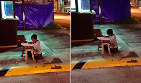 Bức ảnh bé trai vô gia cư tận dụng ánh đèn hắt ra từ nhà hàng McDonald để làm bài tại một bãi đỗ xe ở Philippines đang khiến cư dân mạng "nổi sóng".
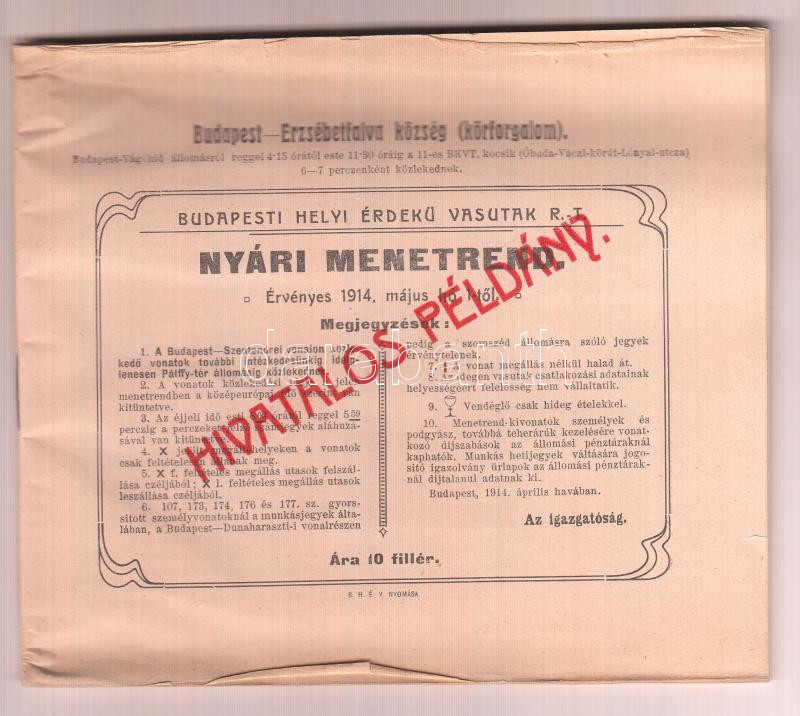1914 Budapesti Helyi Érdekű Vasutak Rt. Nyári Menetrend. Bp., 1914, B. H. É. V. ny. Kiadói tűzött papírkötés, az elülső és a hátsó borítón piros bélyegzéssel (hivatalos példány).
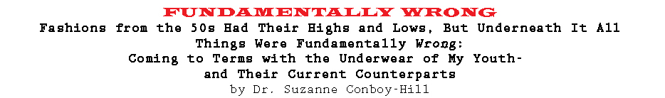So how far have we come since the days when I poured my perfectly-acceptable, fourteen-year-old form into a girdle that could only be removed with bolt cutters? Well, we stripped off practically everything meant to go under anything in the 60s, and many of us actually found that we have muscles that might be called upon to do much of the holding up and in heretofore assigned to latex and laces. But now, when trying on undies entails a trip to a miniscule dressing room with panties sized to fit an anorexic Barbie, are we really any more evolved than we were when our Mums cautioned us to don clean knickers in case we got knocked down by a car on the way to school? Who knows? All I know is that it will definitely take medics longer to free me of my underthings, should that mother-feared moment ever come to pass, than those found on most females younger than me. I can accept that, but it doesn't make it any less, well... wrong.
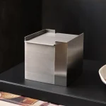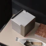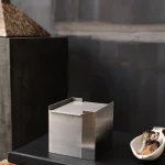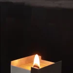 The form is complemented by a fitted lid which, once the candle has burned down, can be reused as a refined storage box for small objects. It is a design that thinks long-term—both aesthetically and functionally.
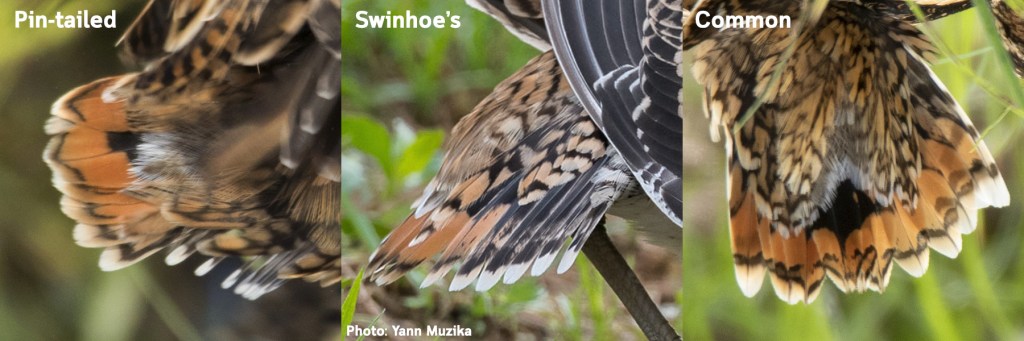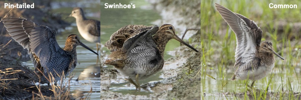 In flight, Pin-tailed Snipe can be told from the Common Snipe by having heavily and evenly barred underwing coverts with no bold white trailing edge along the secondaries. However, both Pin-tailed and Swinhoe’s Snipe share the same wing pattern, so they can’t be judged by this characteristic.
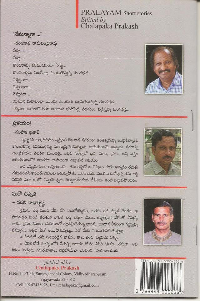 చాలాకాలం క్రితం శ్రీ సా. వేం .రమేష్ ‘’ప్రళయ కావేరి ‘’కధలు రాసి సంకలనంగా తెచ్చి బహు కీర్తి నార్జించారు .కృష్ణా జిల్లా శ్రీకాకుళం వాస్తవ్యులు కవి, కథా , నాటక రచయిత శ్రీ పోలవరపు కోటేశ్వరరావు గారు అక్కడి కృష్ణా నది వరదలపై చక్కని కథలు రాసి మెప్పు పొందారు .దివిసీమ ఉప్పెన పై ఎన్నో కథలు, గాథలు , దీర్ఘ కవితలు వెల్లువలా వచ్చాయి .రమ్య భారతి సంపాదకులు ,ఆంధ్రప్రదేశ్ రచయితల సంఘ ప్రధాన కార్యదర్శి ,కవి, కథకుడు, విమర్శకుడు శ్రీ చలపాక ప్రకాష్ ఇప్పటికే ‘’ప్రళయం ‘’నేపధ్యంగా రెండు కథా సంకలనాలు ప్రచురించి ,మూడవ సంకలనం గా ముగ్గురు రాసిన మూడే మూడు కథలతో ‘’మూడవ ప్రళయం ‘’సృష్టించి ఈ ఏప్రిల్ లో ఆవిష్కరణ జరిపారు .ముచ్చటైన ముఖచిత్రం తో ,ప్రళయం సృష్టించిన దృశ్యాలతో లోపలి అంశాలకు ఆనవాలుగా పుస్తకం బాగుంది . ఏదో పని మీద నిన్న మా ఇంటికి వచ్చి ‘’ప్రళయం ‘’తో పాటు మరికొన్ని పుస్తకాలు ఇచ్చి వెళ్ళారు .ఇవాళే అన్నీ చదివేశాను .
==========
= Required action =
Each line from the start of the entries above through the line with "So how far have" should be duplicated exactly, leaving out the pictures.

= Solution below =
 Bức ảnh bé trai vô gia cư tận dụng ánh đèn hắt ra từ nhà hàng McDonald để làm bài tại một bãi đỗ xe ở Philippines đang khiến cư dân mạng "nổi sóng".
1914 Budapesti Helyi Érdekű Vasutak Rt. Nyári Menetrend. Bp., 1914, B. H. É. V. ny. Kiadói tűzött papírkötés, az elülső és a hátsó borítón piros bélyegzéssel (hivatalos példány).
So how far have we come since the days when I poured my perfectly-acceptable, fourteen-year-old form into a girdle that could only be removed with bolt cutters? Well, we stripped off practically everything meant to go under anything in the 60s, and many of us actually found that we have muscles that might be called upon to do much of the holding up and in heretofore assigned to latex and laces. But now, when trying on undies entails a trip to a miniscule dressing room with panties sized to fit an anorexic Barbie, are we really any more evolved than we were when our Mums cautioned us to don clean knickers in case we got knocked down by a car on the way to school? Who knows? All I know is that it will definitely take medics longer to free me of my underthings, should that mother-feared moment ever come to pass, than those found on most females younger than me. I can accept that, but it doesn't make it any less, well... wrong.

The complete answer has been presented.